A fire in a building B is reported on telephone to two fire stations P and Q, 20 km apart from each other on a straight road. P observed that the fire is at an angle of ${60^ \circ }$ to the road and Q observes that it is at an angle of ${45^ \circ }$ to the road. Which station should send its team and how much will this team have to travel.

Answer 1

Hint-Here we will proceed by converting the given conditions into the triangle such that we use trigonometry functions i.e. tan (tangent) where angles will be used as degrees of distance to find the actual distance. Also we must know the common degrees of trigonometric functions as the question states the angle of the buildings i.e. ${60^ \circ },{45^ \circ }$.

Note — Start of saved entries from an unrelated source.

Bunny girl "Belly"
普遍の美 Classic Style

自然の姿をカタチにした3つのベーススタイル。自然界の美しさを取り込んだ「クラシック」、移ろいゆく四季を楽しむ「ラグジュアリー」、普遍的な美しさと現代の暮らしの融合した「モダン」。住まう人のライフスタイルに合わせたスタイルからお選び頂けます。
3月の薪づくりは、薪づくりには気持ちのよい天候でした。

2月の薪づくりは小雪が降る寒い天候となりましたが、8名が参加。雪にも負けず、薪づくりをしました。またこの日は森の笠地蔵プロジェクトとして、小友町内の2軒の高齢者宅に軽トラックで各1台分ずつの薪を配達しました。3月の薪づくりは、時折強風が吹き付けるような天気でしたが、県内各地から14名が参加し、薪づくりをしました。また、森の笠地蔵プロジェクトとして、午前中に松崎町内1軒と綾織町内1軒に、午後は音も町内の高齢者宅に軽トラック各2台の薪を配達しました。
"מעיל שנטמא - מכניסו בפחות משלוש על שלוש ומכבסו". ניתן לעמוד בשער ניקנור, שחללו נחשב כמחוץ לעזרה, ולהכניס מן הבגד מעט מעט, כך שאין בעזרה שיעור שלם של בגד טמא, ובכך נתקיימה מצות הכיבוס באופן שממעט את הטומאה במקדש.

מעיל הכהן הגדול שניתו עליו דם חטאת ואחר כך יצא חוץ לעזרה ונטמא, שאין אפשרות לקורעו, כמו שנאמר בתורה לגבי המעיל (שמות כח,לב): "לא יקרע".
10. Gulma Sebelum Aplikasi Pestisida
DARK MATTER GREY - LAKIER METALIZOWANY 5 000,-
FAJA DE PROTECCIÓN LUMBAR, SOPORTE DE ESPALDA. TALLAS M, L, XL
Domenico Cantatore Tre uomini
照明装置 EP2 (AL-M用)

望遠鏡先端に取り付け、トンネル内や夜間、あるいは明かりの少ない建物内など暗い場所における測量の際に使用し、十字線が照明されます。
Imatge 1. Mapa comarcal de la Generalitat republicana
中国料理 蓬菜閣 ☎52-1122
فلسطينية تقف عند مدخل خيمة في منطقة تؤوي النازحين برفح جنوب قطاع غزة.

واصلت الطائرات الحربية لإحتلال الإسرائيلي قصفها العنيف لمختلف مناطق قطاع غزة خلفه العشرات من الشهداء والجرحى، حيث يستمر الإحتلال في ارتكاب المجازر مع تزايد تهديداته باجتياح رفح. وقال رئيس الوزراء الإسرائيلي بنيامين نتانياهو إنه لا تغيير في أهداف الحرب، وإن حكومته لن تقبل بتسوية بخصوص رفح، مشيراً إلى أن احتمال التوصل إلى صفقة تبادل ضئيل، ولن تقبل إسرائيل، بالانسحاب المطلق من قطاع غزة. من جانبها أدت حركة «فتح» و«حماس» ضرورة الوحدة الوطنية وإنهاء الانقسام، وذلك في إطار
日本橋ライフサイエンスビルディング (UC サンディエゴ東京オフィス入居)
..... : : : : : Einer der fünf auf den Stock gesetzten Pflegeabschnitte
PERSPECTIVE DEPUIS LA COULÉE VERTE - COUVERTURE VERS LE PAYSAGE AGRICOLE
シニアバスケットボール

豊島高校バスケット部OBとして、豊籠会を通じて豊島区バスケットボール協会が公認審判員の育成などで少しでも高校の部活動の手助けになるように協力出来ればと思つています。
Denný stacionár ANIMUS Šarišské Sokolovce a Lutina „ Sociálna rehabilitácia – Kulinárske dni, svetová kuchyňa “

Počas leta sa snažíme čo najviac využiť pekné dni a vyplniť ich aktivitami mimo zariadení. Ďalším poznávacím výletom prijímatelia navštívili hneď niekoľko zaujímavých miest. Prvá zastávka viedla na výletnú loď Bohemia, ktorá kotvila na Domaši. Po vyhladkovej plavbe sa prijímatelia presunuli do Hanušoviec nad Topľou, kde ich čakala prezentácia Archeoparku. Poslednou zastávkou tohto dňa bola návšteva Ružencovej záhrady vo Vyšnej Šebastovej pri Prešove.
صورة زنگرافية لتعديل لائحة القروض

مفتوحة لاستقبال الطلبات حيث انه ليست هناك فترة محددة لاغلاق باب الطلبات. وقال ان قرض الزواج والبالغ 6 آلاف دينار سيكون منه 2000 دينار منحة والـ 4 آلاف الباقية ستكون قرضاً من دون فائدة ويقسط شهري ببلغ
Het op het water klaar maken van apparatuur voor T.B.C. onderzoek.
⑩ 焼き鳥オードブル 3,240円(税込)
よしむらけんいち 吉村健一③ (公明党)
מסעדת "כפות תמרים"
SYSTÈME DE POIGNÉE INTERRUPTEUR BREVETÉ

Complete Step-by-Step solution:

Here we are given that-
AB is the height of Building.
PB is the distance of fire station P from the building.
QB is the distance of fire station Q from the building.
Distance between P and Q is 20 m.
Now, let us assume PB = x
So, QB = 20-x
$ \Rightarrow $ In $\vartriangle APB$,
We will use Tangent function of trigonometry with ${60^ \circ }$.
Formula of tan${60^ \circ }$= $\dfrac{{Perpendicular}}{{Base}}$ = $\sqrt 3 $
$ \Rightarrow $$\sqrt 3 $= $\dfrac{{AB}}{x}$ ………..(1)
$ \Rightarrow $In $\vartriangle ABQ$,
We will use Tangent function of trigonometry with ${45^ \circ }$.
$ \Rightarrow $Formula of tan${45^ \circ }$ = $\dfrac{{Perpendicular}}{{Base}}$= $\dfrac{{AB}}{{BQ}}$
$ \Rightarrow $20 - x = AB ……………… (2)
So comparing 1 and 2,
We get
$ \Rightarrow 20 - x = \sqrt 3 x$x
Or ($20 = \left( {\sqrt 3 + 1} \right)x$
Or $\dfrac{{20}}{{\left( {\sqrt 3 + 1} \right)}} = x$
$ \Rightarrow $x = 7.320
So PB = 7.320 km
Also QB = 20 – 7.320
$ \Rightarrow $QB = 12.68 km
Therefore, fire stations should send a team to Station P since the distance between building and P station i.e. 7.32 km is less than the distance between Q station and building i.e. 12.68 km.
$\therefore $ Team has to travel 7.320 km
Note- In order to solve this question, one can get confused about choosing the right trigonometric function as there are six functions which are sine, cosine, tangent, cosecant, secant and cotangent. Also we must know all the trigonometric ratios which will be used as angles to get the required answer.